It was honestly brutal to watch the bodycam footage of Dustin Poirier getting arrested at the Atlanta airport on Father’s Day. The optics were terrible because the same man who beat Conor McGregor twice and runs The Good Fight Foundation was seen squaring up to a police officer.
It’s pretty clear Poirier is having a really hard time transitioning into retirement. He even posted on social media admitting he needs help to get rid of his drinking habit. In this heartbreaking situation, Sean Strickland chimed in with a response that felt way more like a cruel joke than actual support.
Sean Strickland Fires Back Dustin Poirier with Four Words
Poirier’s arrest happened just weeks after he admitted in a Full Send MMA interview that retirement has been a struggle of good and bad days. The airport incident shows that those bad days got worse. Poirier retired after a 16-year career with an overall professional record of 30-10. He won the interim title but never captured the undisputed belt.

While most of the MMA community showed concern, the middleweight champion dismissed the situation entirely. UFC fighter Drew Dober had posted a video about how dangerous retirement boredom can be.
I feel for Dustin Poirier. pic.twitter.com/NQkHLGnkRQ
— Drew Dober (@DrewDober) June 24, 2026
He compared it to the struggles of McGregor and Mike Tyson, and even admitted his own recent surgery downtime led him to drink more. Strickland replied to the video, penning, “Just don’t drink. Its that easy.”
That absolute bluntness fits Strickland’s personality. He grew up with an abusive, alcoholic father, so his perspective likely comes from that personal experience.
The Retirement Void: Why MMA Has a Problem It Rarely Talks About
Poirier isn’t the only one dealing with this. The UFC puts on about 40 events a year and goes through hundreds of fighters, but they don’t have any real program to help people adjust to normal life when they retire.

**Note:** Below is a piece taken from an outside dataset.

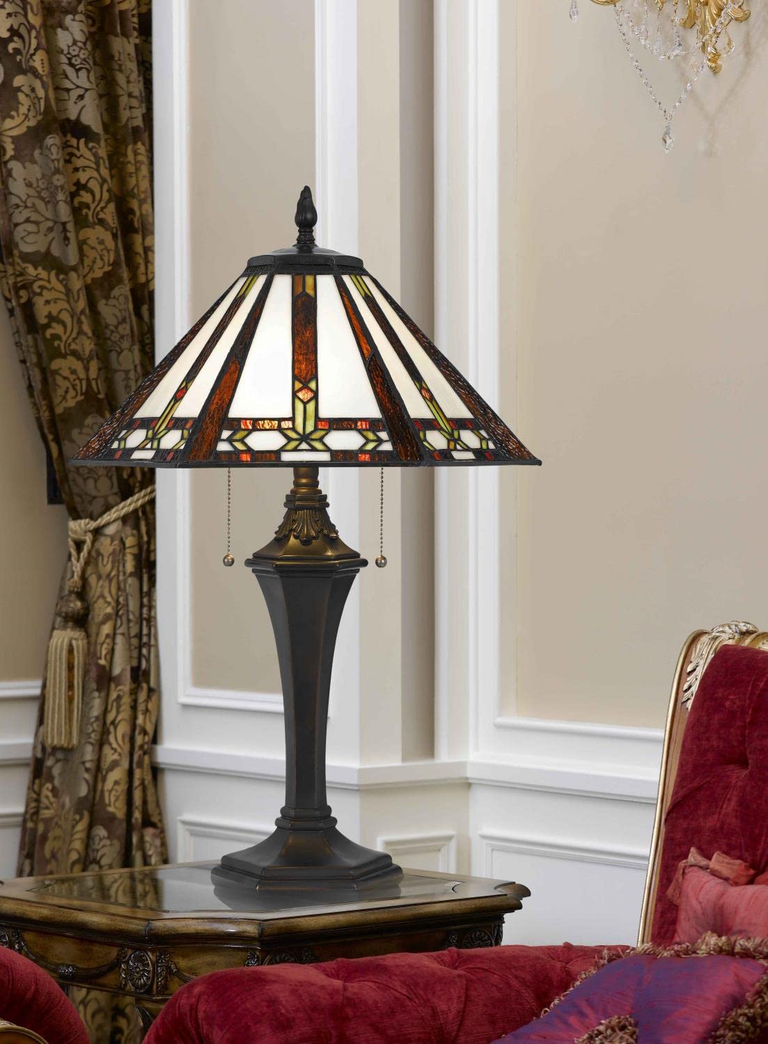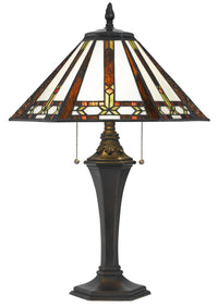 Cal 60W X 2 Tiffany Table Lamp - Bronze Metal, Elegant Design, Perfect For Living Room Decor

He had an incredible career. He fought through the TV era all the way into the streaming age, beating guys like McGregor, Max Holloway, Justin Gaethje, Eddie Alvarez, and Anthony Pettis. He was easily one of the best lightweights of his generation, even if he never became a massive, household name outside of MMA.
But walking away is tough when fighting is your entire identity. Suddenly, you don’t have a training camp, a fight date, or a weight cut keeping you disciplined. It leaves a massive void. Strickland’s blunt advice might work for him. But that’s a complicated mental health problem.